My favourite one is: Pick a server or a piece of enterprise software and go take a look at its logs. If it's doing anything interesting at all, it'll be full of errors. There's a decent chance that those errors are being ignored by everyone responsible for the system, because they're "the usual errors".

I've seen this go as far as cluster nodes crashing multiple times per day and rebooting over and over, causing mass fail-over events of services. That was written up as "the system is usually this slow", in the sense of "there is nothing we can do about it."

It's not slow! It's broken!


Oof, yes. I used to be an SRE at Google, with oncall responsibility for dozens of servers maintained by a dozen or so dev teams.

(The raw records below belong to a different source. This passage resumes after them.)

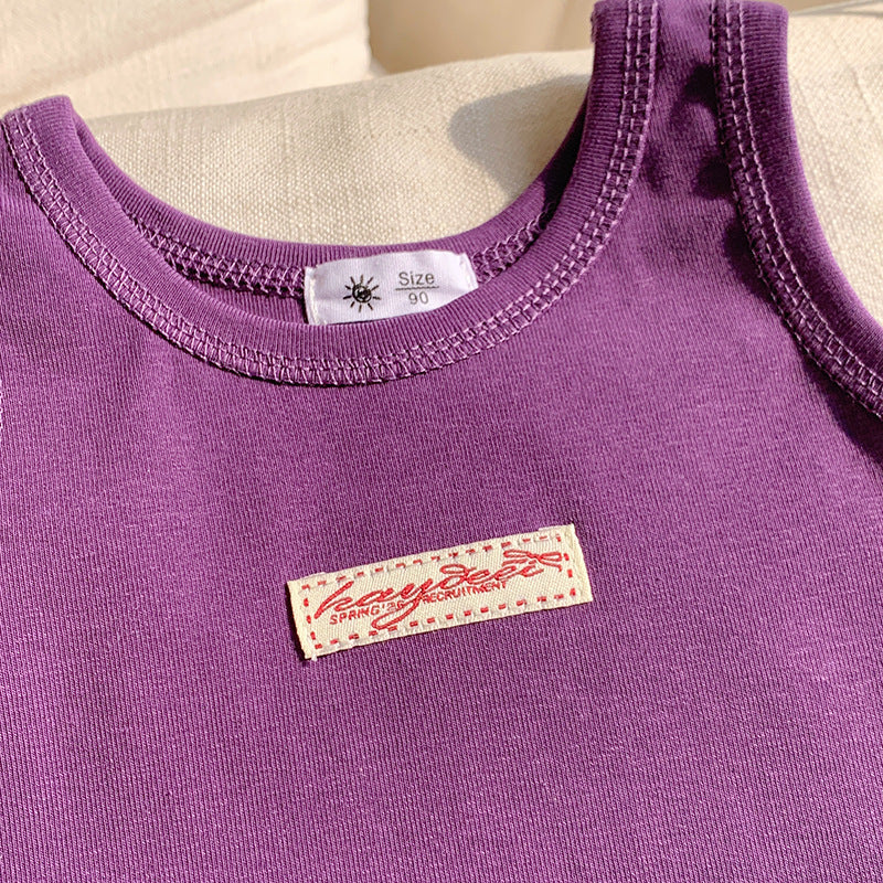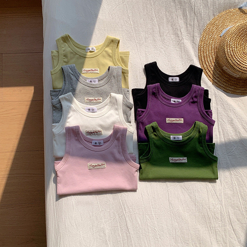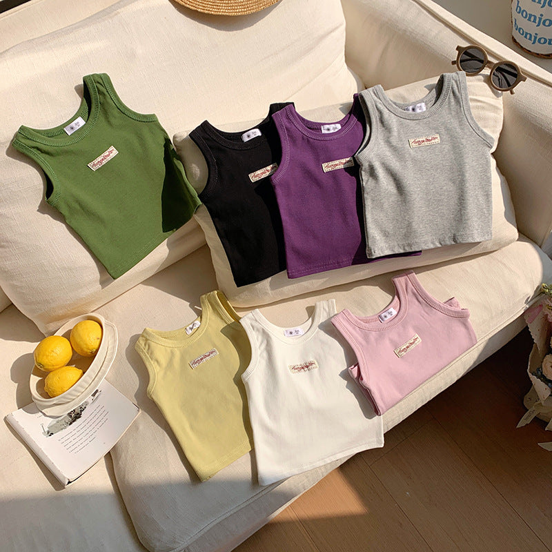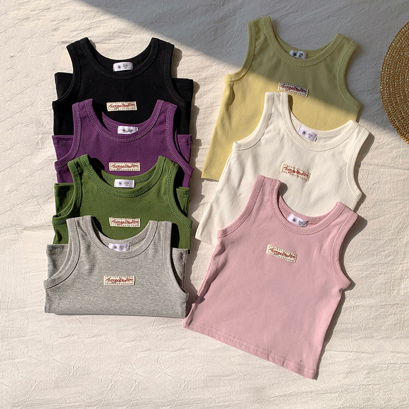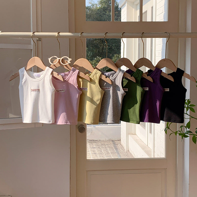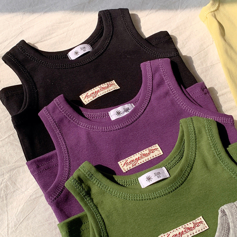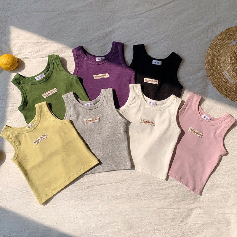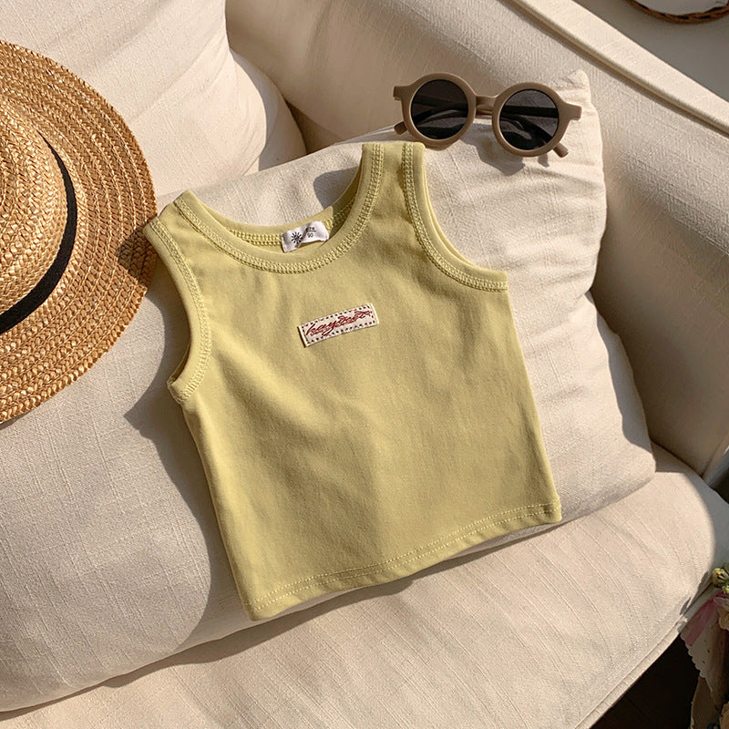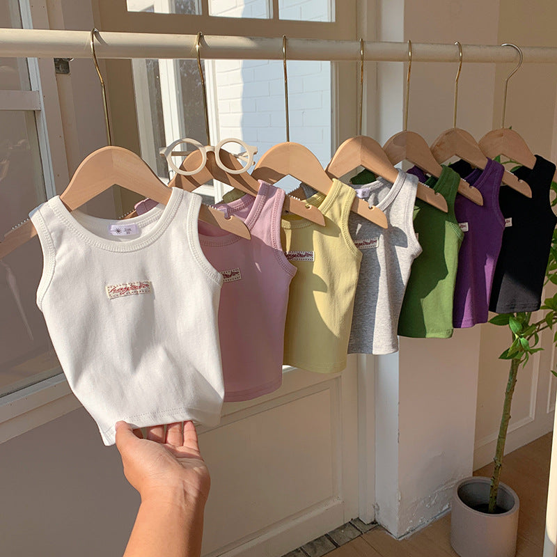 【90-150】ワンポイントワッペンノースリーブトップス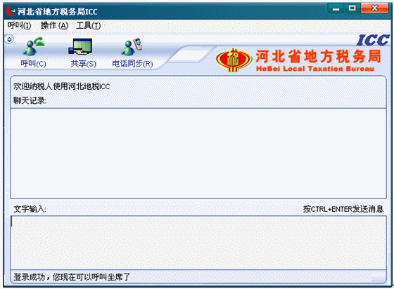 7.等待座席應(yīng)答后,左下角的狀態(tài)欄文字提示首先變?yōu)椤澳F(xiàn)在可以與對方進(jìn)行文本交談了”,從現(xiàn)在開始到納稅人掛斷呼叫期間,納稅人就可以和座席進(jìn)行文本交談了。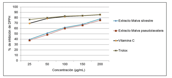 De acuerdo a lo anteriormente mencionado, cabe indicar que la evaluación de la actividad antioxidante de los extractos hidroalcohólicos de Malva sylvestris y Malva pseudolavatera evaluados, mantuvieron un comportamiento similar en este estudio, ya que según los resultados de los tres métodos in vitro realizados, se pudo comprobar que a medida que aumentaba la concentración de los extractos ensayados, la capacidad reductora incrementaba (FRAP) y la actividad antirradicalaria (DPPH y ABTS•+) también, manifestándose de esta manera, una elevada actividad antioxidante.(62,63)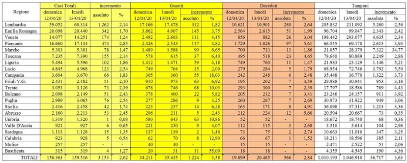 CORONAVIRUS SITUAZIONE ITALIA AL 13 APRILE 2020 – Presso la sede del Dipartimento della Protezione Civile proseguono i lavori del Comitato Operativo al fine di assicurare il coordinamento degli interventi delle componenti e delle strutture operative del Servizio Nazionale della protezione civile. Nell’ambito del monitoraggio sanitario relativo alla diffusione del Coronavirus sul territorio nazionale, al momento 103.616 persone risultano positive al virus. Ad oggi, in Italia sono stati 159.516 i casi totali. Nel dettaglio: i casi attualmente positivi sono 31.935 in Lombardia, 13.818 in Emilia-Romagna, 12.765 in Piemonte, 10.766 in Veneto, 6.257 in Toscana, 3.365 in Liguria, 3.080 nelle Marche, 3.920 nel Lazio, 3.062 in Campania, 2.080 nella Provincia autonoma di Trento, 2.512 in Puglia, 1.307 in Friuli Venezia Giulia, 2.050 in Sicilia, 1.778 in Abruzzo, 1.537 nella Provincia autonoma di Bolzano, 625 in Umbria, 914 in Sardegna, 791 in Calabria, 582 in Valle d’Aosta, 270 in Basilicata e 202 in Molise. Sono 35.435 le persone guarite. I deceduti sono 20.465, ma questo numero potrà essere confermato solo dopo che l’Istituto Superiore di Sanità avrà stabilito la causa effettiva del decesso.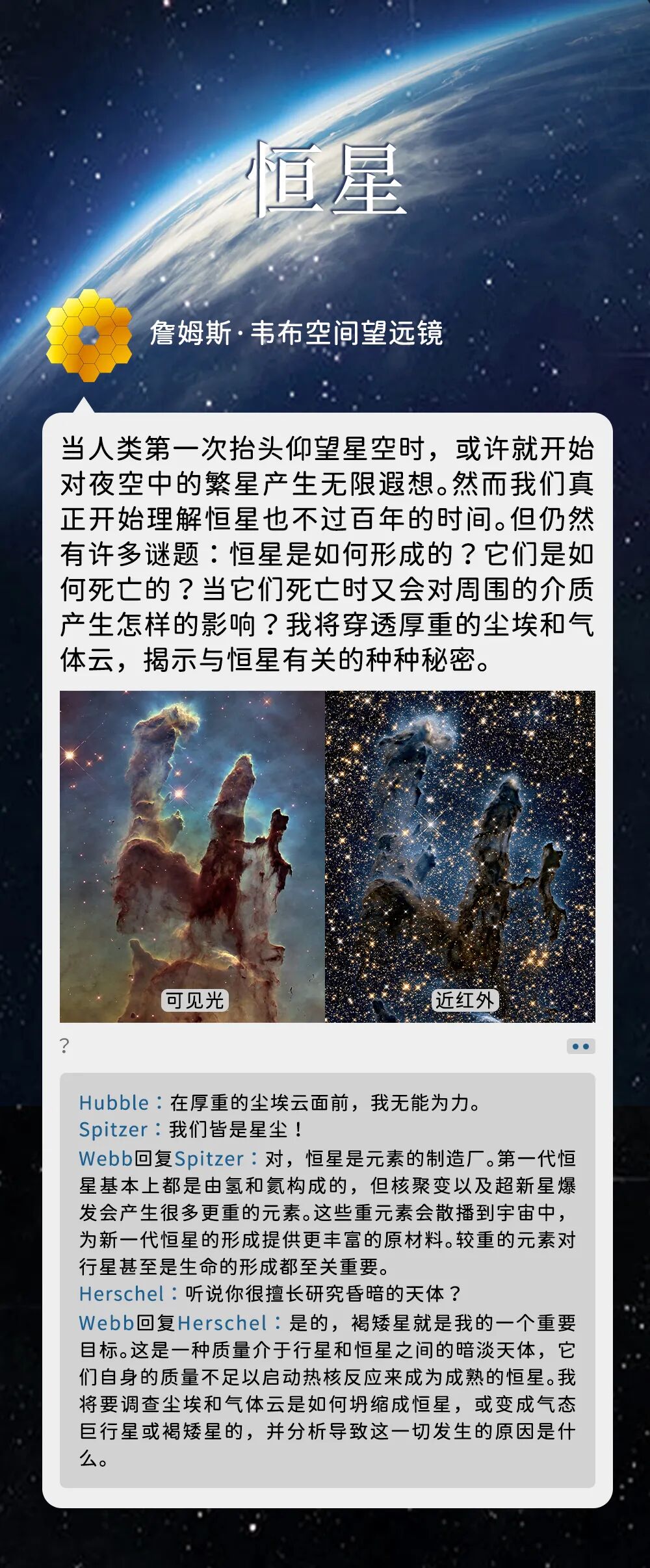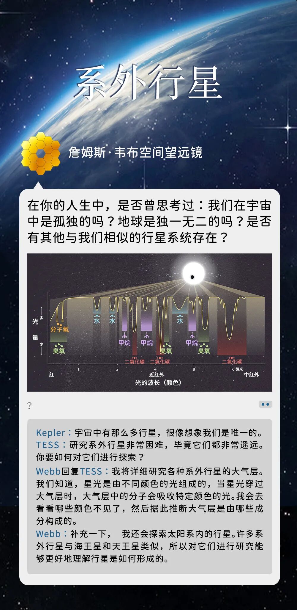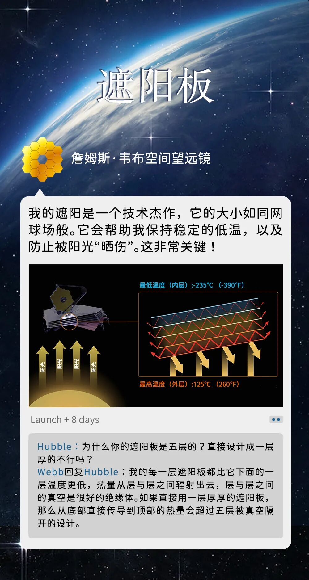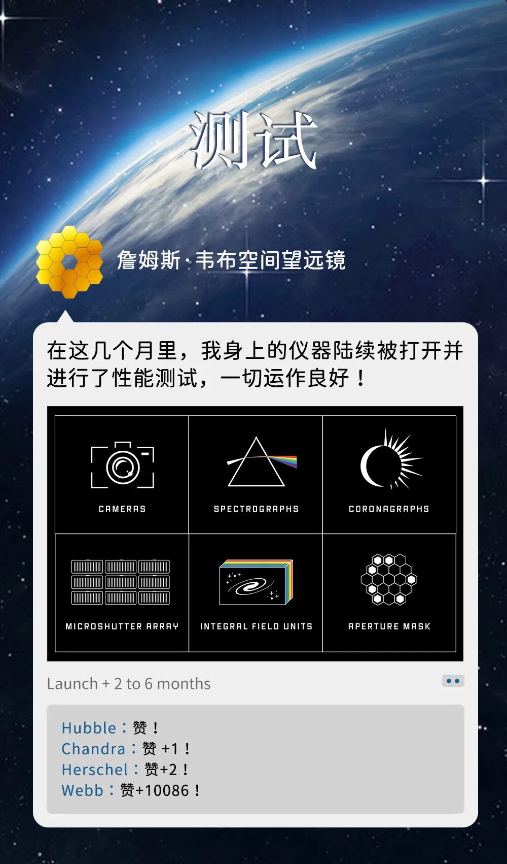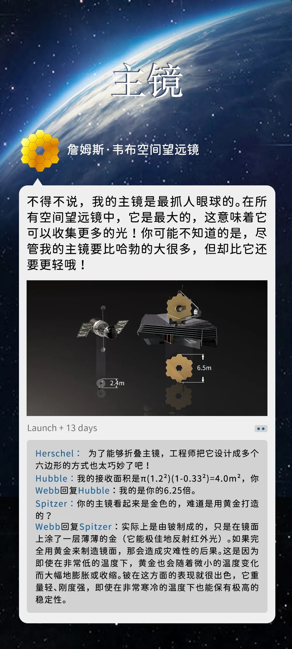 https://jwst.nasa.govhttps://webbtelescope.org#图片来源:封面图:ESA/ATG medialab首图:ESA哈勃眼中的宇宙:https://www.esa.int/ESA_Multimedia/Images/2020/04/Thirty_years_of_Hubble_Space_Telescope科学目标:第一批恒星(N. R. Fuller/National Science Foundation)、黑洞(ESO/M.Kornmesser)、恒星演化(NASA)、系外行星(NASA & JPL/Caltech)、太阳系(Wikimedia Commons)启程:ESA/D.Ducros

Trying to track down issues with requests that crossed or interacted with 10-15 services, when _all_ those services had logs full of 'normal' errors (that the devs had learned to ignore) was...pretty brutal. I don't know how many hours I wasted chasing red herrings while debugging ongoing prod issues.


we're using AWS X-ray for this purpose, i.e. a service is always passing on and logging the X-ray identifier generated at first entry into the system. pretty helpful for this purpose. And yes, there should be consistent log handling / monitoring. Depending on service we differ between error log level (=expected user errors) and critical error level (makes our monitor go red).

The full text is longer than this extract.